# TASK DIRECTIONS
Using the data below, return word for word every line from the one holding "封裝特點: DIP-7比標準" down to the one holding "Das T-Shirt mit". Leave pictures out.

*** EXERCISE INPUTS Section Begins ***

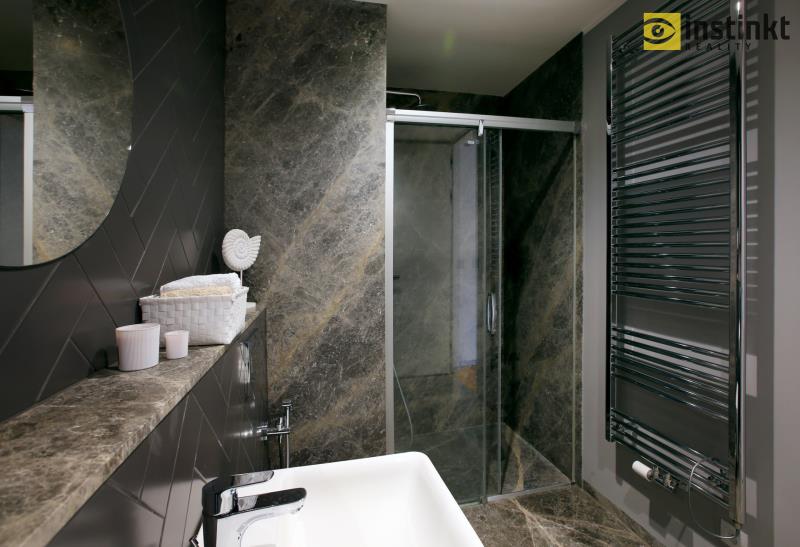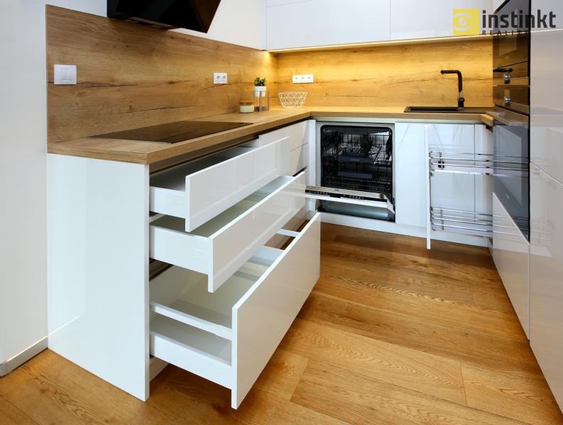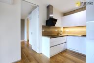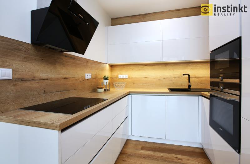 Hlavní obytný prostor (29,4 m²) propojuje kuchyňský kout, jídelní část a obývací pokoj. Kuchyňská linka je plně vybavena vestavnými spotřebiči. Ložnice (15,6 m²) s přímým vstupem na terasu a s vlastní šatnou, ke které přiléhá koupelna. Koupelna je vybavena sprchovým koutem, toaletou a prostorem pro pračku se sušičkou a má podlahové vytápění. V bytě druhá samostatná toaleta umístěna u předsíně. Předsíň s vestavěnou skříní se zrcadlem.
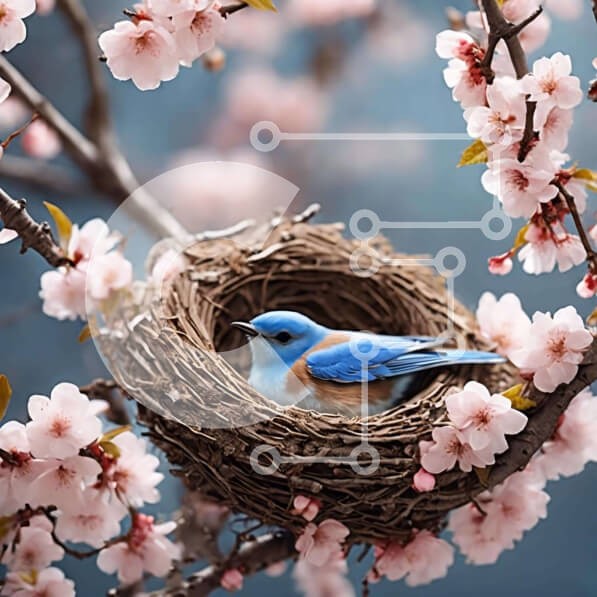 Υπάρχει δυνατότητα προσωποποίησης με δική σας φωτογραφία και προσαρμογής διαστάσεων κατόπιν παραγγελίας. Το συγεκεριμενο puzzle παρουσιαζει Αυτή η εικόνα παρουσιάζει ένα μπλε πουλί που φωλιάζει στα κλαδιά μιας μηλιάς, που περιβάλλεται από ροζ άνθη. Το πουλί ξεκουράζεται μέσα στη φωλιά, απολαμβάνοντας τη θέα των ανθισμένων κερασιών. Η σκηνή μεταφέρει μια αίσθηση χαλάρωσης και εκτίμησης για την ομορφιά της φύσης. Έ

*** EXERCISE INPUTS Section Ends ***
*** EXERCISE INPUTS Section Begins ***

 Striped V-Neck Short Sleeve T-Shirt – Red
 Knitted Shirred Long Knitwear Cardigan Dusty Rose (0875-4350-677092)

*** EXERCISE INPUTS Section Ends ***
*** EXERCISE INPUTS Section Begins ***

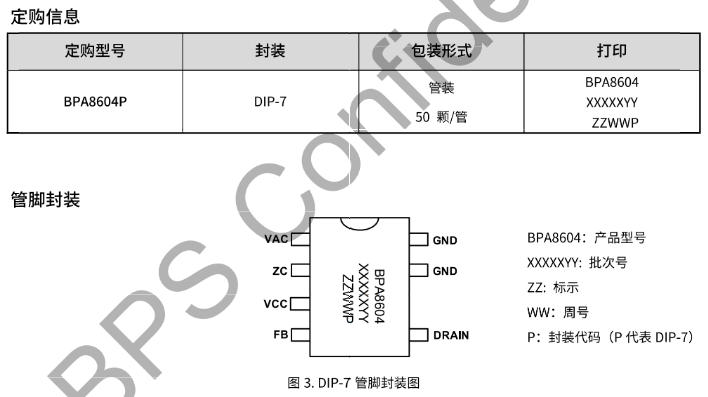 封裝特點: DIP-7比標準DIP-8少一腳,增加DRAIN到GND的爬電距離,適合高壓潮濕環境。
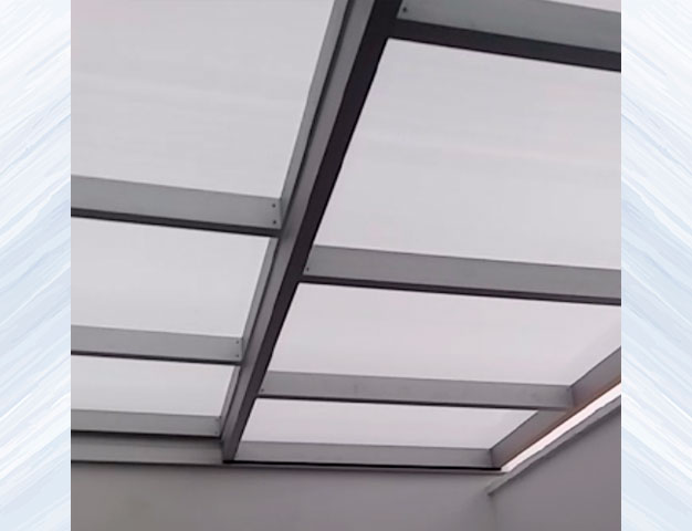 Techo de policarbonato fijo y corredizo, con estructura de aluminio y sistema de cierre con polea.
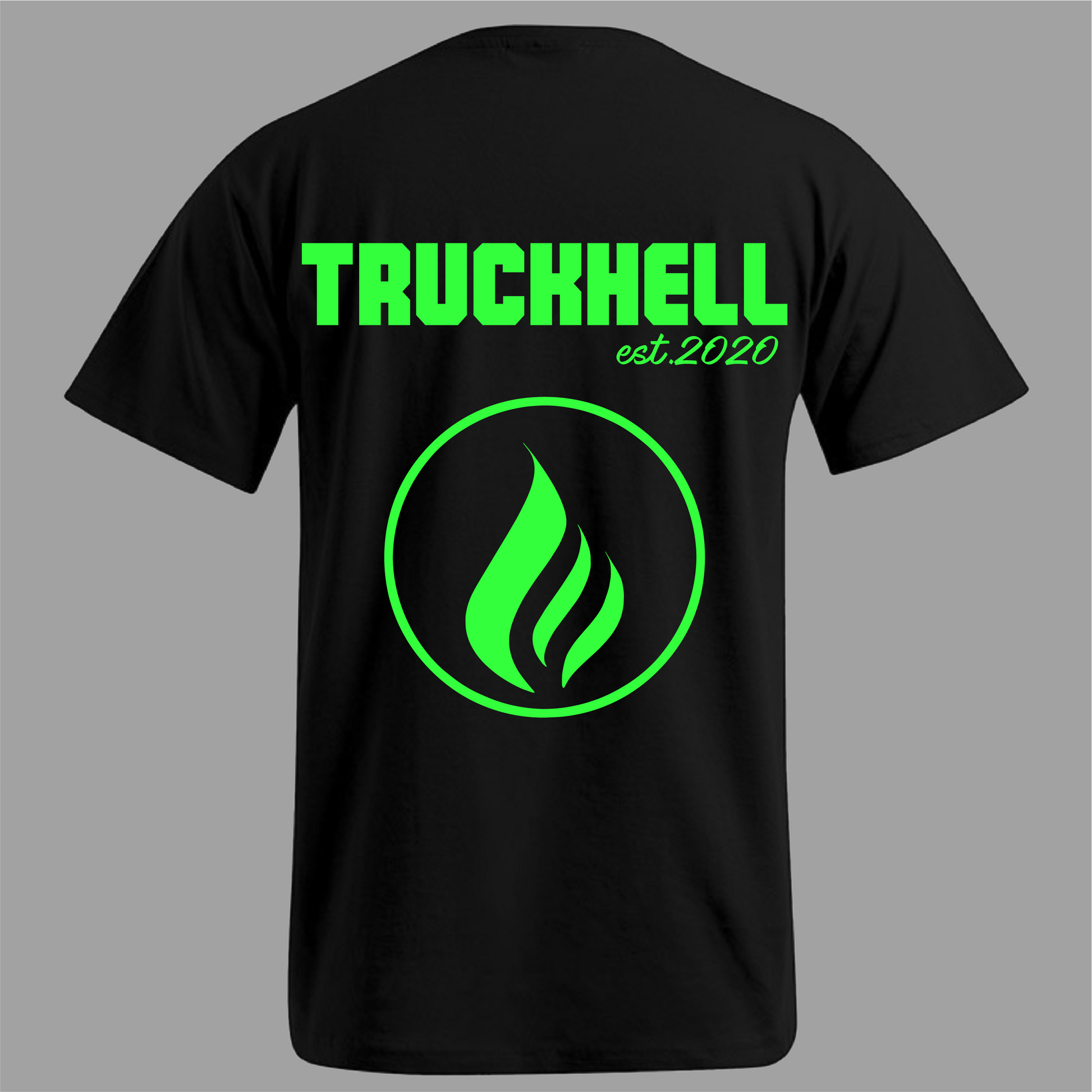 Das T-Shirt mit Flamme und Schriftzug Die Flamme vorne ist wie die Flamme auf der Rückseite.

*** EXERCISE INPUTS Section Ends ***

# SOLUTION TO THIS TASK
 封裝特點: DIP-7比標準DIP-8少一腳,增加DRAIN到GND的爬電距離,適合高壓潮濕環境。
 Techo de policarbonato fijo y corredizo, con estructura de aluminio y sistema de cierre con polea.
 Das T-Shirt mit Flamme und Schriftzug Die Flamme vorne ist wie die Flamme auf der Rückseite.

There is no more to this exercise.